Este texto pertence ao livro Calma Tormenta.

quarta-feira, 26 de julho de 2017

Signos: utilizar, sem acreditar


   Em relação aos signos do zodíaco, tive três fases em minha vida. Quando criança, tive a fase mágica: acreditava nos signos como quem tenta conhecer os mistérios do místico, sentindo-os na pele. Na adolescência tardia, sob o paradigma estritamente científico, deixei de considerá-los minimamente aceitáveis. Agora, tendo criado o costume de refletir a fundo sobre questões abstratas, entrei na fase cético-simbólica. Explico.
    Costumo incomodar tanto quem crê em signos, quanto quem acha tudo uma grande baboseira esotérica. É que eu continuo com o meu ceticismo científico, sem no entanto aplicá-lo com rigor nas futilidades do cotidiano, nas brincadeiras sociais, especialmente se consigo extrair delas algum sentido, ainda que este seja não real, mas simbólico.
    Qualquer um que tenha um mínimo de seriedade metodológica não acredita realmente que a posição dos astros, a depender do dia em que você foi parido, tem qualquer impacto significativo na sua personalidade. Epistemologicamente isto é indefensável. Em termos mais simples, pensando-se em como o homem obtém conhecimento concreto e objetivo sobre o universo, e tendo uma educação científica verdadeira, isto é, possuindo uma noção sólida de como (e por que) se faz ciência, não é minimamente plausível crer que posições de massas condensadas no espaço sideral possam influenciar aspectos psicológicos de um ser humano. Isso fica particularmente evidente, para não dizer óbvio, quando se compreende o mundo por lentes existencialistas.
    É claro que você tem o direito de ter um paradigma místico e desconsiderar a ciência como único método de obtenção de conhecimento objetivo* sólido, mas isso significa admitir que você não entendeu o que faz de uma ciência, ciência. A ciência não tem o privilégio da credibilidade apenas por mera convenção; é claro que o tem por convenção, uma convenção assentada na lógica ocidental e positivista, mas há um motivo muito claro para esta confiabilidade. A ciência não é confiável porque "os cientistas disseram", mas por princípios estruturais de autorefutamento e de método rígido que agem a partir da ignorância, admitindo-a e trabalhando em cima dela, em rumo ao aperfeiçoamento contínuo. As pseudociências querem usufruir da mesma credibilidade, mas justificam a ignorância com a própria ignorância (fazendo uso da falácia do apelo à ignorância), e blindam suas premissas com fortes raciocínios circulares.
    "Para julgar a astrologia, é preciso primeiro estar a par dos estudos astrológicos profundos e atualizados." Não, não é preciso.

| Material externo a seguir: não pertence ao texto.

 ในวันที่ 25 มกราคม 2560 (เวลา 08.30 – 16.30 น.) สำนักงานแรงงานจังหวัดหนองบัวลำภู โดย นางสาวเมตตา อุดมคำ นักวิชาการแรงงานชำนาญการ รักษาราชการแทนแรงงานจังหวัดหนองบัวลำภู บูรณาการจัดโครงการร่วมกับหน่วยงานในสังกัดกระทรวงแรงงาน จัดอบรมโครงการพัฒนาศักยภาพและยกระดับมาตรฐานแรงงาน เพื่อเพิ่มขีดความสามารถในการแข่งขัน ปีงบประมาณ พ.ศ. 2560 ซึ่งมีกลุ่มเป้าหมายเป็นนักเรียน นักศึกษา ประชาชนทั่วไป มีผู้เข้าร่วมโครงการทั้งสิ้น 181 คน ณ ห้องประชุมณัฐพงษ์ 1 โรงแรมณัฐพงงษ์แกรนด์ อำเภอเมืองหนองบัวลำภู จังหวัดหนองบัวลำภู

Não importa o quão complexa e elaborada a astrologia é internamente se (1) as premissas não se sustentam epistemologicamente, e se (2) seus resultados são comprovadamente uma ilusão causada por muitos de nossos vieses cognitivos, sobretudo o viés da confirmação. Como explica o canal Nerdologia num vídeo muito completo de cinco minutos, a astrologia (A) costuma ignorar importantes descobertas astronômicas (como a precessão dos equinócios, ou os novos planetas e constelações descobertos nos últimos séculos), o que demonstra o descaso com uma metodologia comprometida com a superação das antigas verdades; e (B) foi demonstrada totalmente falível nos testes duplo-cego, como no famoso experimento de Shawn Carlson, publicado na Nature: quando se retira a intervenção subjetiva, a efetividade estatística dos signos se reduz a chances aleatórias.

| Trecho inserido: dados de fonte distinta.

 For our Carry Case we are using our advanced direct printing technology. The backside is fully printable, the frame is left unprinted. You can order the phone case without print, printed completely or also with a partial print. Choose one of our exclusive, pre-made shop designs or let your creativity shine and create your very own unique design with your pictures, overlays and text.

    Bem, agora que a esquerda universitária pós-moderna está em total fúria, chegou a hora de desagradar as pessoas com um senso científico tão pretensioso e orgulhoso que quase se ofendem quando alguém fala em signos. Fiquem vocês irritadiços ou não, o fato é que os signos astrológicos, enquanto um sistema simbólico, servem para falar de coisas reais. Embora os signos em si não sejam reais, muitas vezes eles prestam um papel representativo a certos esteriótipos multifacetados com os quais nos identificamos (ou não), permitindo que conversemos sobre questões extremamente verdadeiras sobre nossa estrutura emocional, a qual seria difícil abordar de maneira tão fácil e lúdica.
    Imagino que visualizar a simbologia envolvida em certos processos é bastante difícil para pessoas que ainda estão submersas no paradigma da consciência, segundo o qual as coisas ou são, ou não são, objetivamente, e fim de papo; no entanto, uma vez que obtêm alguma familiaridade com o paradigma da linguagem, que mostra que a relação entre o sujeito e o mundo é construída e mediada por significações,1 compreendendo que a realidade percebida é constituída subjetivamente pelas experiências do sujeito, passa-se a saber valorizar os aspectos simbólicos e imaginários que dão sentido à vida das pessoas, e que, em última instância, revelam e interagem com aspectos reais.
    Vou criar um exemplo banal para ilustrar o que estou querendo dizer. João tem seu sol em Leão, seu ascendente em Capricórnio e sua lua em Sagitário. Quando vai ler a respeito, descobre que, segundo a astrologia, isso significa que ele é vaidoso em seu íntimo, e se possui uma autoestima tão baixa, é justamente por ser muito preocupado com a sua autoimagem. Contudo, tendo Capricórnio como ascendente, João age, externamente, como uma pessoa pé no chão e focada, por vezes sistemática demais na sua própria maneira de fazer as coisas, passando a impressão de que não se preocupa tanto com sua aparência quanto de fato se preocupa. A lua em Sagitário sugere ser muito comum que João se isole emocionalmente, afastando as pessoas que ama para ter momentos para si, mas, ao mesmo tempo, sendo extremamente dependente do apoio emocional — e social — destas pessoas. Em suma, João se fere internamente por estar sozinho, mas não tem autoestima o suficiente para abrir-se com seus amigos. (Vocês estão pensando o quê? Que eu não entendo de signos? Eu sou de humanas, não estou fazendo mais que a minha obrigação.)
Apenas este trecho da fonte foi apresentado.